An LPIPS score of zero means “identical images”, and lower LPIPS scores correspond to higher perceptual similarity. The code we used to compute the mean LPIPS score is here. Please see the LPIPS section further in this post for more details on accuracy evaluations with LPIPS.
LTX-2
For LTX-2, we enabled tiling on the VAE to keep the memory requirements manageable. The following inference-time parameters were used to obtain the results:
{
"prompt": (
"INT. HOME OFFICE - DAY. Soft natural daylight lights a desk with an open laptop. The camera holds a steady medium shot. A small real house cat sits naturally on all fours in front of the laptop, much smaller than the desk and computer. The cat looks at the screen curiously. Suddenly, with a soft magical sparkle effect, a pair of tiny reading glasses appears in midair and gently lands on the cat's face. A faint whimsical chime sound plays. The cat pauses for a split second, then begins pressing the keyboard clumsily with one paw, producing rapid typing sounds. The laptop screen glow reflects softly on the cat's fur while light playful music continues."
),
"negative_prompt": "worst quality, inconsistent motion, blurry, jittery, distorted",
"width": 768,
"height": 512,
"num_frames": 121,
"frame_rate": 24.0,
"num_inference_steps": 40,
"guidance_scale": 4.0,
}
Performance and Peak Memory
LTX-2 performance and peak memory with MXFP8 and NVFP4 quantization |
||||
|---|---|---|---|---|
| Quant Mode | Batch Size | Latency (s) | Memory (GB) | Speedup |
| None | 1 | 16.230 | 72.77 | 1.00 |
| MXFP8 | 1 | 13.724 | 54.54 | 1.18 |
| NVFP4 | 1 | 10.374 | 45.72 | 1.56 |
| None | 4 | 61.591 | 87.61 | 1.00 |
| MXFP8 | 4 | 50.956 | 69.38 | 1.21 |
| NVFP4 | 4 | 36.963 | 60.56 | 1.67 |
| None | 8 | 122.427 | 107.40 | 1.00 |
| MXFP8 | 8 | 102.546 | 89.18 | 1.19 |
| NVFP4 | 8 | 72.689 | 80.36 | 1.68 |
NVIDIA B200, selective quantization, torch.compile with regional compilation. Quant Mode “None” means no quantization.
Accuracy
Check out this link for a comparison of the video results on a test prompt. Calculating eval scores over a prompt dataset (like we did for Flux-1.dev) is left for a future study.
QwenImage
The following inference-time parameters were used to obtain the results:
{
"prompt": "A cat holding a sign that says hello world",
"negative_prompt": " ",
"height": 1024,
"width": 1024,
"true_cfg_scale": 4.0,
"num_inference_steps": 50,
}
Performance and Peak Memory
QwenImage performance and peak memory with MXFP8 and NVFP4 quantization |
||||
|---|---|---|---|---|
| Quant Mode | Batch Size | Latency (s) | Memory (GB) | Speedup |
| None | 1 | 7.454 | 62.21 | 1.00 |
| MXFP8 | 1 | 6.430 | 55.65 | 1.16 |
| NVFP4 | 1 | 5.369 | 52.45 | 1.39 |
| None | 4 | 26.779 | 75.52 | 1.00 |
| MXFP8 | 4 | 21.835 | 68.97 | 1.23 |
| NVFP4 | 4 | 18.279 | 65.76 | 1.47 |
| None | 8 | 52.095 | 92.47 | 1.00 |
| MXFP8 | 8 | 41.569 | 85.91 | 1.25 |
| NVFP4 | 8 | 34.969 | 82.7 | 1.49 |
NVIDIA B200, selective quantization, torch.compile with regional compilation, batch_size=1 uses torch.compile(..., mode='reduce-overhead'). Quant Mode “None” means no quantization.
Accuracy
The MXFP8 and NVFP4 images generated for a test prompt are close to the bfloat16 baseline, with NVFP4 showing slightly larger differences vs MXFP8:

In the following table, we report the LPIPS scores similar to Flux.1-Dev.
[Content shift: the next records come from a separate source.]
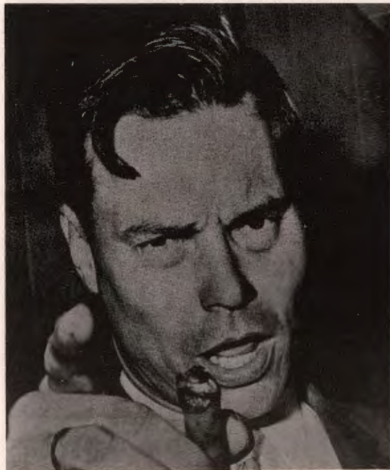
George Lincoln Rockwell . . . .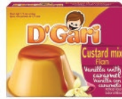
D'Gari Flan Caramelo 24/170g CODE: CAN49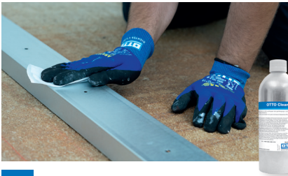
3 Cleaning the underside of the profile

QwenImage mean LPIPS score with MXFP8 and NVFP4 quantization |
|
|---|---|
| Quant Mode | Mean LPIPS on Drawbench |
| None | 0 |
| MXFP8 | 0.34 |
| NVFP4 | 0.41 |
Note: In our experiments, we found QwenImage to be more sensitive to quantization than Flux.1-Dev, as evidenced by the higher mean MXFP8 LPIPS score of 0.34 for QwenImage (compared to a mean LPIPS score of 0.11 for MXP8 on Flux-1.Dev). Reducing the mean LPIPS score for QwenImage further via more aggressive selective quantization or more advanced numerical algorithms (GPTQ, QAT, etc) is left for a future study.
Technical Considerations
In this section, we share how we used selective quantization, CUDA Graphs, and LPIPS to iterate on the performance and accuracy metrics presented in this post.
Optimizing Accuracy and Performance with Selective Quantization
We used selective quantization to optimize for latency (all models) and LPIPS (Flux-1.dev), skipping layers based on two simple heuristics:
- If the weight or activation shape of a
torch.nn.Linearis too small to benefit from quantizationmin(M, K, N) < 1024), skip it. This is to ensure that the speedup from quantizing the matrix multiply is larger than the additional overhead of quantizing the activation (more context: here).- A tutorial for how to find the weight and activation shapes in your model using
torchaotooling is here. Note that even if the weight is large, a small activation shape could make quantization not profitable.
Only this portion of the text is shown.